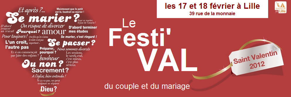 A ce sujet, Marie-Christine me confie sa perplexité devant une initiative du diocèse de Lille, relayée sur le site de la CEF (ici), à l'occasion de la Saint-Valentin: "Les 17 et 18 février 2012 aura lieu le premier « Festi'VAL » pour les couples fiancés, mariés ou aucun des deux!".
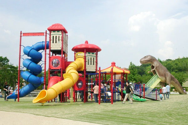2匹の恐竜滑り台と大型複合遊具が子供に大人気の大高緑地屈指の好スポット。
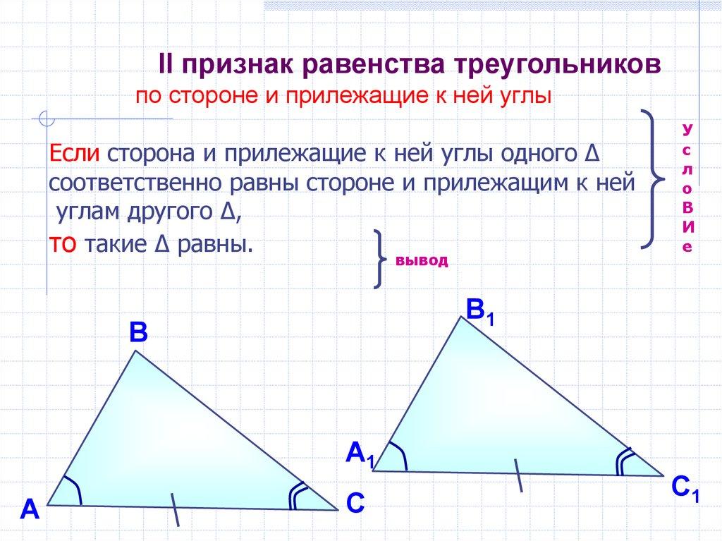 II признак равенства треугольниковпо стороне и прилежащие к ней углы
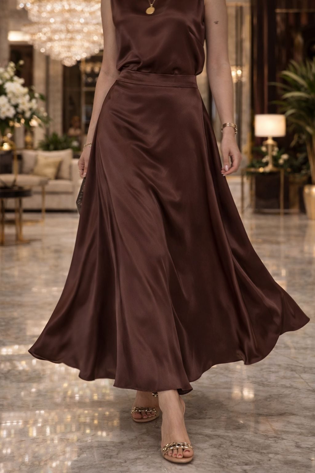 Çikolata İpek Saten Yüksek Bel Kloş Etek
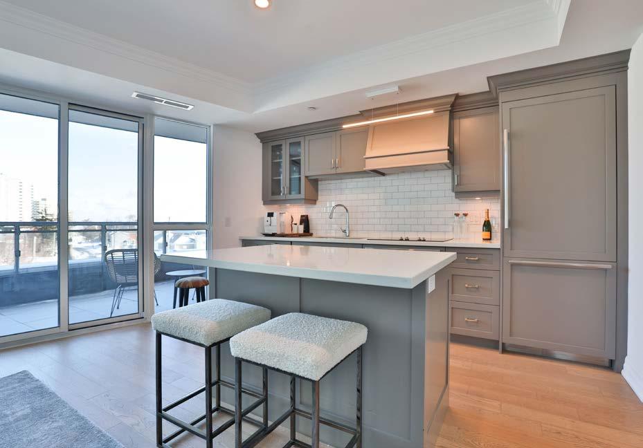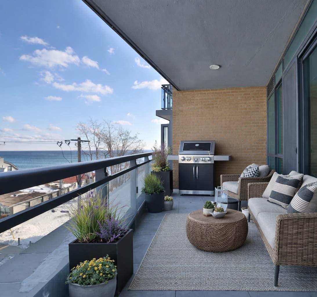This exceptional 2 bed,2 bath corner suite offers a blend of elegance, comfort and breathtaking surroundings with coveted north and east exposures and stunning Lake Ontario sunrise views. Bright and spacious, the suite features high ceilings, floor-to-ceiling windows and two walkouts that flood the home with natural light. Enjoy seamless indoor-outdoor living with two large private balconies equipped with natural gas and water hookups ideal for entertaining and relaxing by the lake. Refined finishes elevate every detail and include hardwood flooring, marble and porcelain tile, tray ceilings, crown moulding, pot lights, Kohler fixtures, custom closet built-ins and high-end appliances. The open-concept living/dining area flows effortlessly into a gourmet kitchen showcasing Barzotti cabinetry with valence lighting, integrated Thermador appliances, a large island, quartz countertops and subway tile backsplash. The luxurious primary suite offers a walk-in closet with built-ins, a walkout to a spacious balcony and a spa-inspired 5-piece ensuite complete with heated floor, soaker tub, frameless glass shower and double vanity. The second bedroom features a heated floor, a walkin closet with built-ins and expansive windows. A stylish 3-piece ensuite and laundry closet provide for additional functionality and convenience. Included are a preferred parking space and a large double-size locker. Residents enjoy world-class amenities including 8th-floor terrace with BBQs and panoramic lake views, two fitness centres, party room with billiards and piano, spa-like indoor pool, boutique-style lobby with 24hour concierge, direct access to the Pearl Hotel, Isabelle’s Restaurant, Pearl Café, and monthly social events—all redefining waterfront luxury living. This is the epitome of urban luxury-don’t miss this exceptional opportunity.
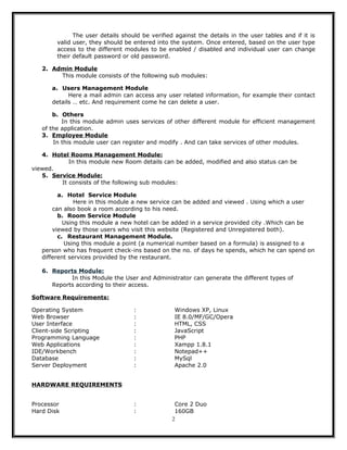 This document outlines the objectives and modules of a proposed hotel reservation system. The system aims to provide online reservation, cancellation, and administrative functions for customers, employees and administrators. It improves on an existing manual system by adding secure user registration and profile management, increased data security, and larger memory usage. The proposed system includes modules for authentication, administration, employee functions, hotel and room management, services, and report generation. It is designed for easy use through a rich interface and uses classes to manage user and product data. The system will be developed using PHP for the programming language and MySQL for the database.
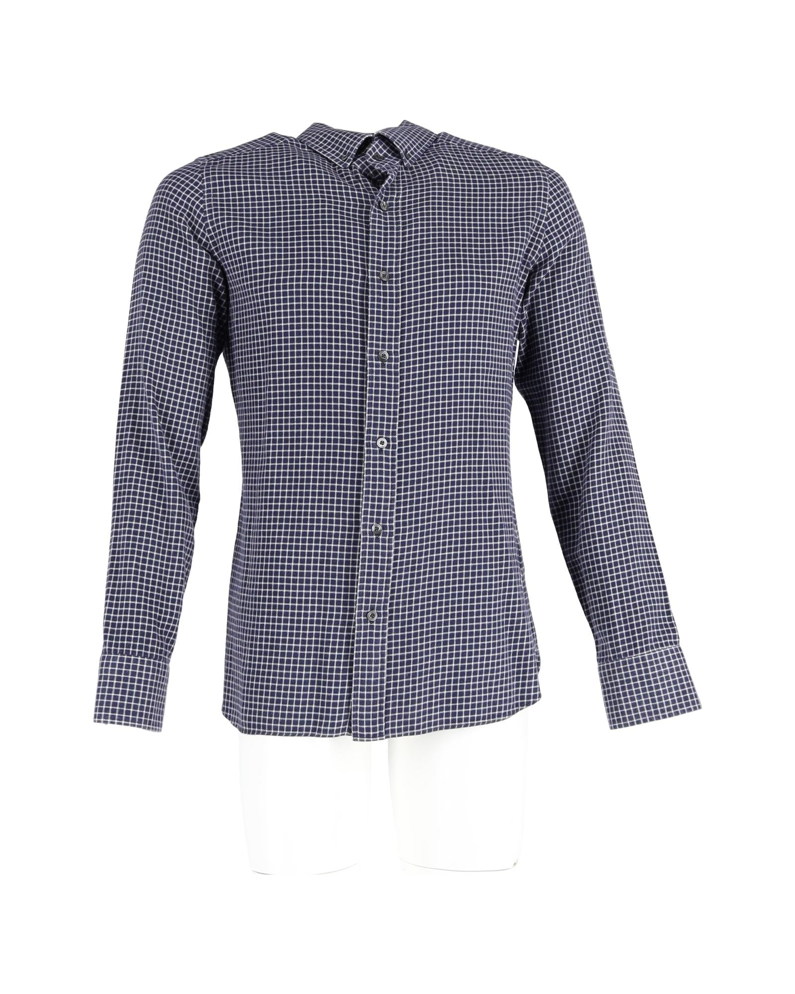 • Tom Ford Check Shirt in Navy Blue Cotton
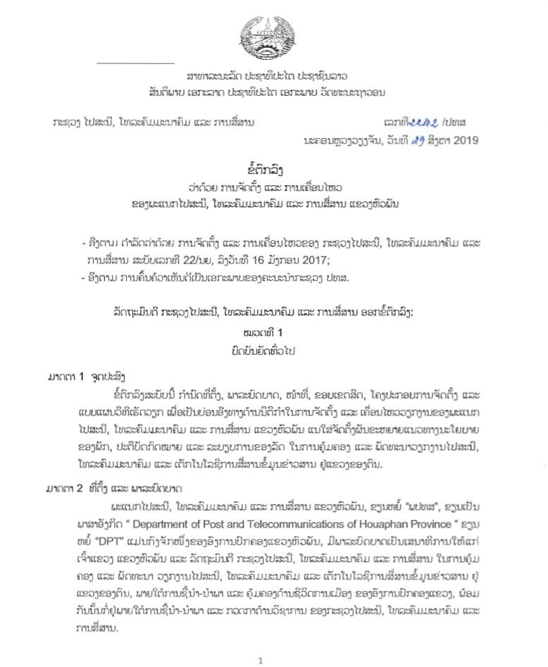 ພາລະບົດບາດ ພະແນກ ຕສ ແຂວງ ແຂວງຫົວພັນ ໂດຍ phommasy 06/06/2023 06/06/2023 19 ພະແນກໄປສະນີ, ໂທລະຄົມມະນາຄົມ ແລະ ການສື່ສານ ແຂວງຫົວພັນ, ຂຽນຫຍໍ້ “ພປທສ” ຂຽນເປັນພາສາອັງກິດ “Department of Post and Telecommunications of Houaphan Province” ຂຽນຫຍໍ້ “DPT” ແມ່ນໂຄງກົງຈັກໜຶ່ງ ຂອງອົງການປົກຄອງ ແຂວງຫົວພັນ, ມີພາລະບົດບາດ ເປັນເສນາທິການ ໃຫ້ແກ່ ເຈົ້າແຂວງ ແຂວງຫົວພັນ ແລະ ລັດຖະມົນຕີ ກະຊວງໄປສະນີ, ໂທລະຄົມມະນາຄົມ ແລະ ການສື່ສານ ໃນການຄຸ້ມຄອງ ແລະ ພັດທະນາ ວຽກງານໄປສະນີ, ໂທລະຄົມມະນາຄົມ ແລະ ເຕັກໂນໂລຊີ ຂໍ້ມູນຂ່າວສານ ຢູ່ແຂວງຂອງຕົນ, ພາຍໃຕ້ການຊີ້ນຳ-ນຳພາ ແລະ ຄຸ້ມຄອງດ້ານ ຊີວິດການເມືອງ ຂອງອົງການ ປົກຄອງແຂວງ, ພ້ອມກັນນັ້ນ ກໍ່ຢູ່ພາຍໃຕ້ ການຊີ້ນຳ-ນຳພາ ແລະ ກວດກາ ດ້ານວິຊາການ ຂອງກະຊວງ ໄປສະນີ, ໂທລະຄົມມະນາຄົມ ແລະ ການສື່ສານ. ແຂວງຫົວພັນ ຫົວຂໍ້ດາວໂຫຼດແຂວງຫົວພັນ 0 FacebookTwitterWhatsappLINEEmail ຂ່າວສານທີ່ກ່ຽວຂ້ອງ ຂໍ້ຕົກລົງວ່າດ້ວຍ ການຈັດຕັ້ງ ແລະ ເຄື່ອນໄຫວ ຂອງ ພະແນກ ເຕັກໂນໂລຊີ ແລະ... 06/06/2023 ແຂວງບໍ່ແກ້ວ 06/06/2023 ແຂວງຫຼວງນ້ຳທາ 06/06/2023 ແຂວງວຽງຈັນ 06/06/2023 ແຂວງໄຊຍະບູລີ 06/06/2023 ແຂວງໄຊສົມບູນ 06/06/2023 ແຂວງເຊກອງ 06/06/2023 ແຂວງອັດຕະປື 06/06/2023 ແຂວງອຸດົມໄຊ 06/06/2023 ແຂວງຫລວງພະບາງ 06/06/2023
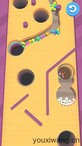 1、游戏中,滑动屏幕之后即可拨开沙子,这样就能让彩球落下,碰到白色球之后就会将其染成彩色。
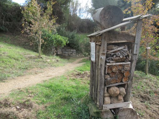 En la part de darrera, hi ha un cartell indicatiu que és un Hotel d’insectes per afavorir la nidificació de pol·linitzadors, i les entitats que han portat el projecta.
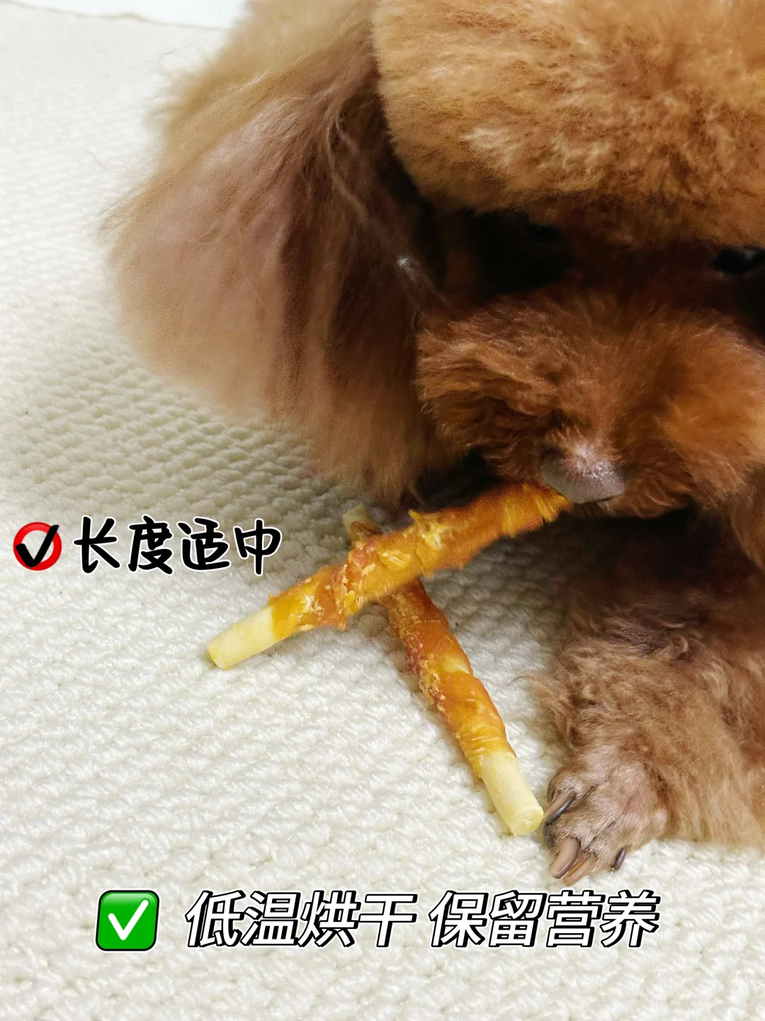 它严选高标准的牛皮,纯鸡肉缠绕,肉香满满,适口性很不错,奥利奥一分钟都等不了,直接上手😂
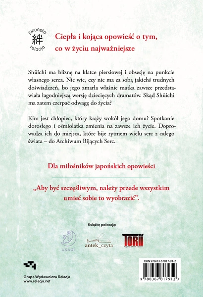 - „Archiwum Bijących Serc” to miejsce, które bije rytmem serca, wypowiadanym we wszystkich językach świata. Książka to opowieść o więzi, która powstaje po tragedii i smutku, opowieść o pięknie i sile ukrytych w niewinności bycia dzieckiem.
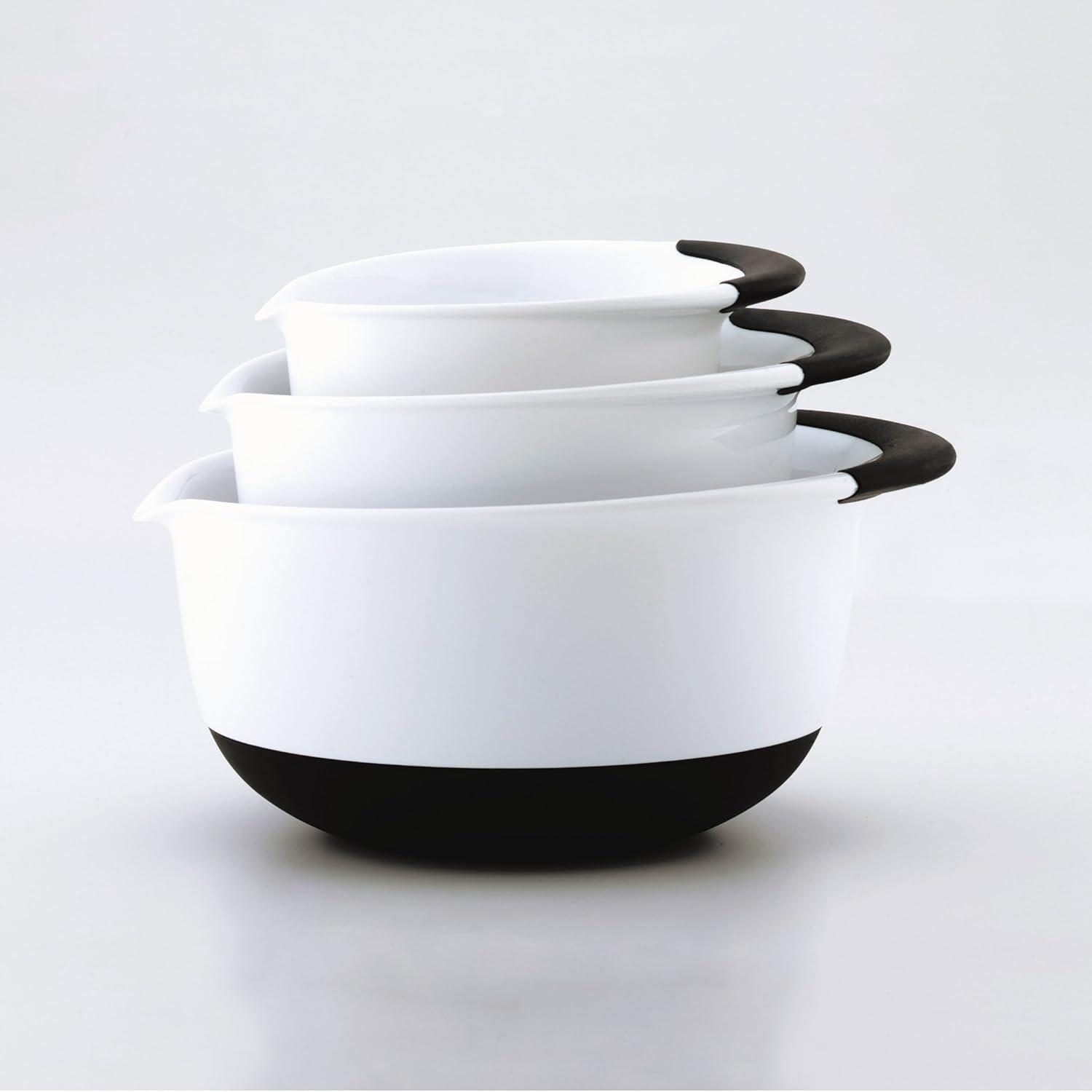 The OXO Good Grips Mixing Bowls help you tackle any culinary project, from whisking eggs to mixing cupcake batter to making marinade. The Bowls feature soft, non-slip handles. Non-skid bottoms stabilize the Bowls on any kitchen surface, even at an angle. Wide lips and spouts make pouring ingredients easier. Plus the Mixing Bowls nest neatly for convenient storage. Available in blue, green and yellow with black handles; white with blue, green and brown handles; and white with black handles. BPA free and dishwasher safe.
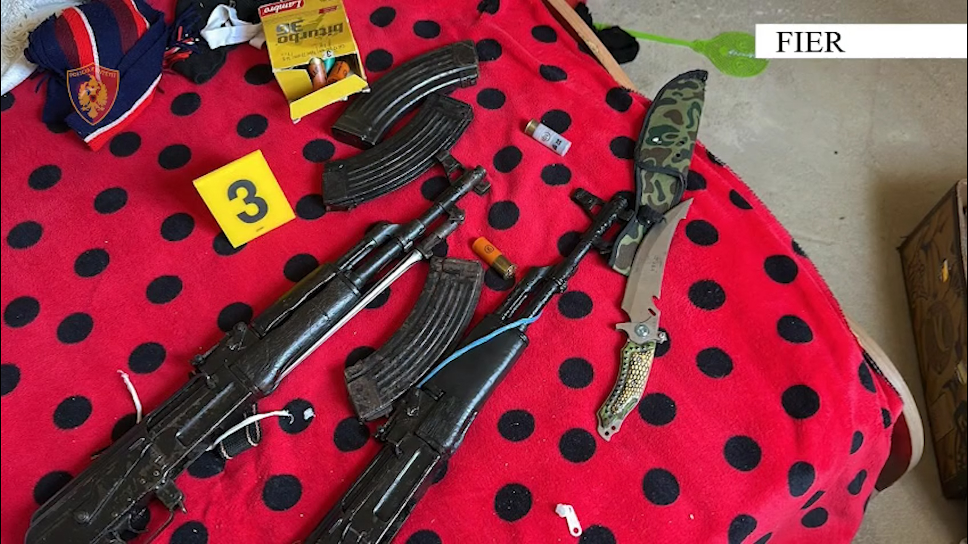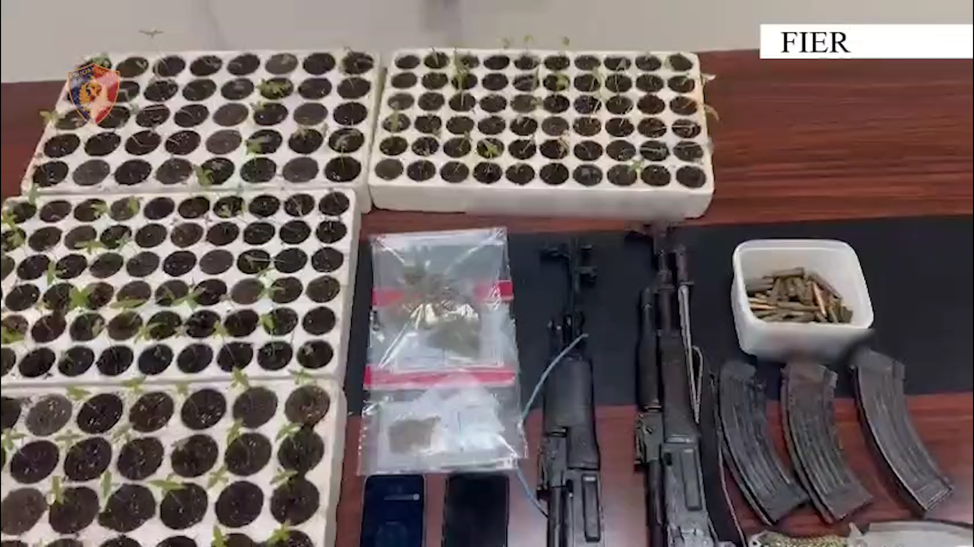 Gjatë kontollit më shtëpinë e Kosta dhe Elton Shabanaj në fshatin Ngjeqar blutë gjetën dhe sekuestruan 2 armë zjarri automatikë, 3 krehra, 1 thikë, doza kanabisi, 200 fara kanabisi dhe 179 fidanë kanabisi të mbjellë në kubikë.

» WORK INSTRUCTIONS:
From the line containing "它严选高标准的牛皮,纯鸡肉缠" to the final line of the entries, both included, transcribe every line exactly, omit the pictures, and add nothing more.

» WRITTEN SOLUTION:
 它严选高标准的牛皮,纯鸡肉缠绕,肉香满满,适口性很不错,奥利奥一分钟都等不了,直接上手😂
 - „Archiwum Bijących Serc” to miejsce, które bije rytmem serca, wypowiadanym we wszystkich językach świata. Książka to opowieść o więzi, która powstaje po tragedii i smutku, opowieść o pięknie i sile ukrytych w niewinności bycia dzieckiem.
 The OXO Good Grips Mixing Bowls help you tackle any culinary project, from whisking eggs to mixing cupcake batter to making marinade. The Bowls feature soft, non-slip handles. Non-skid bottoms stabilize the Bowls on any kitchen surface, even at an angle. Wide lips and spouts make pouring ingredients easier. Plus the Mixing Bowls nest neatly for convenient storage. Available in blue, green and yellow with black handles; white with blue, green and brown handles; and white with black handles. BPA free and dishwasher safe.
 Gjatë kontollit më shtëpinë e Kosta dhe Elton Shabanaj në fshatin Ngjeqar blutë gjetën dhe sekuestruan 2 armë zjarri automatikë, 3 krehra, 1 thikë, doza kanabisi, 200 fara kanabisi dhe 179 fidanë kanabisi të mbjellë në kubikë.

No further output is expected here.